Could be eventually yes starting from China. Question being if they can pull it off all by themselves. I would trust them to reach RTL level with ease with their experience but after that they might need 3rd party assistance if they don't add up in experienced engineering talent and/or add quite heavily in R&D resources. I'm old enough to remember the past Series5 aka PMX590 horror story and wouldn't want to see another potential high end design ending up being some sort of "do it yourself IKEA project for beginners".... Something like a IKEA Xmas tree where you get a white box containing an axe and a map for the forest :p


I hope it's a first step at least.

1-I've always liked PowerVR, because when I started in the pc world, the tbdr approach seems revolutionary in my eyes. My PCX2 was the smartest thing around, not rendering what you don't see :eek: (then I learn it was more complex than that, but, you know...).

2-I like competition. That's why I hope RDNA2 will be great, I hope Intel gfx will be great, and I hope powervr/img tech can come back with quality products and drivers in the pc space.
 
While I understand what you're saying, IMG needs to make profit again as a company. If it's about their survival I couldn't care if their IP just gets integrated in SoCs for electrical appliances as one example.
 
I hope it's a first step at least.

1-I've always liked PowerVR, because when I started in the pc world, the tbdr approach seems revolutionary in my eyes. My PCX2 was the smartest thing around, not rendering what you don't see :eek: (then I learn it was more complex than that, but, you know...).

2-I like competition. That's why I hope RDNA2 will be great, I hope Intel gfx will be great, and I hope powervr/img tech can come back with quality products and drivers in the pc space.

It's always interesting to think back on those times. At the time MS was pursing tile based 3D rendering (Talisman) as well due to the high price of RAM. Then the RAM market crashed and suddenly saving memory by using TBDR wasn't the big win it could have been and here we are today.

What is interesting is that in Microsoft's latest Hot Chips presentation for the XBSX, they highlighted how RAM prices weren't cost reducing like they have been in the past.
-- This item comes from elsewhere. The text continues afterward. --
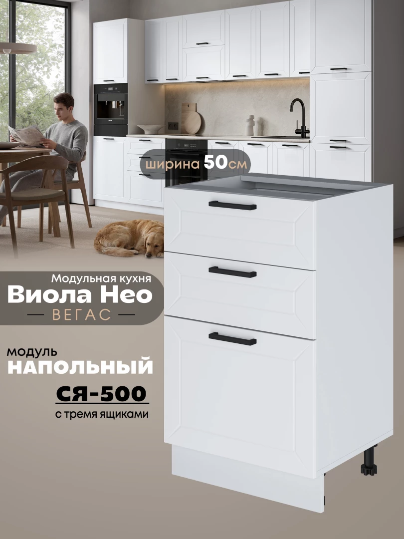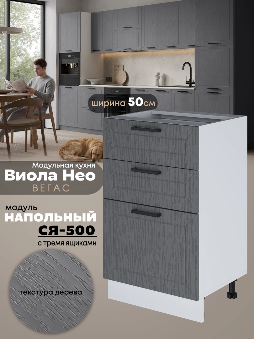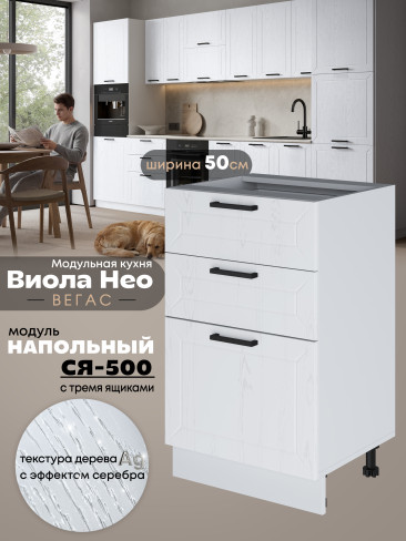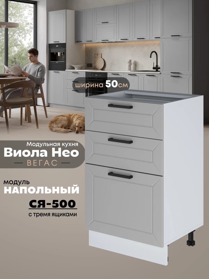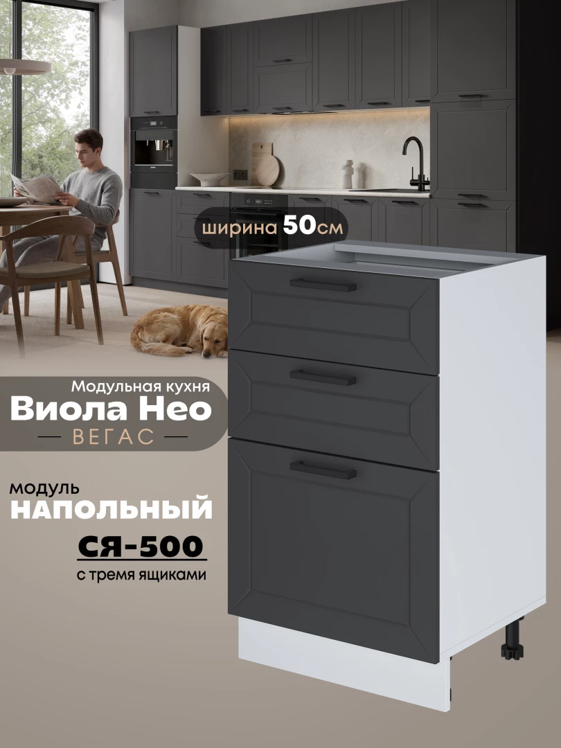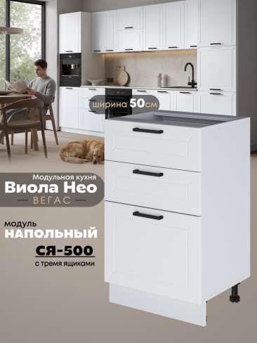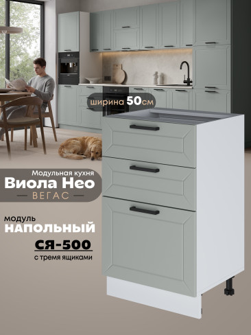 Кухонный модуль напольный с тремя выдвижными ящиками Виола Нео Вегас С3Я-500 Матовый

This could mean there's a large opportunity coming up for TBDR based solutions if they can drastically reduce the memory requirements for hardware based 3D rendering.

Regards,
SB
 
It's always interesting to think back on those times. At the time MS was pursing tile based 3D rendering (Talisman) as well due to the high price of RAM. Then the RAM market crashed and suddenly saving memory by using TBDR wasn't the big win it could have been and here we are today.

What is interesting is that in Microsoft's latest Hot Chips presentation for the XBSX, they highlighted how RAM prices weren't cost reducing like they have been in the past. This could mean there's a large opportunity coming up for TBDR based solutions if they can drastically reduce the memory requirements for hardware based 3D rendering.

Regards,
SB

Are you talking size or bandwitdh ? For me tbdr is mostly about bandwitdh (and saving processing power), less about size.
 
Are you talking size or bandwitdh ? For me tbdr is mostly about bandwitdh (and saving processing power), less about size.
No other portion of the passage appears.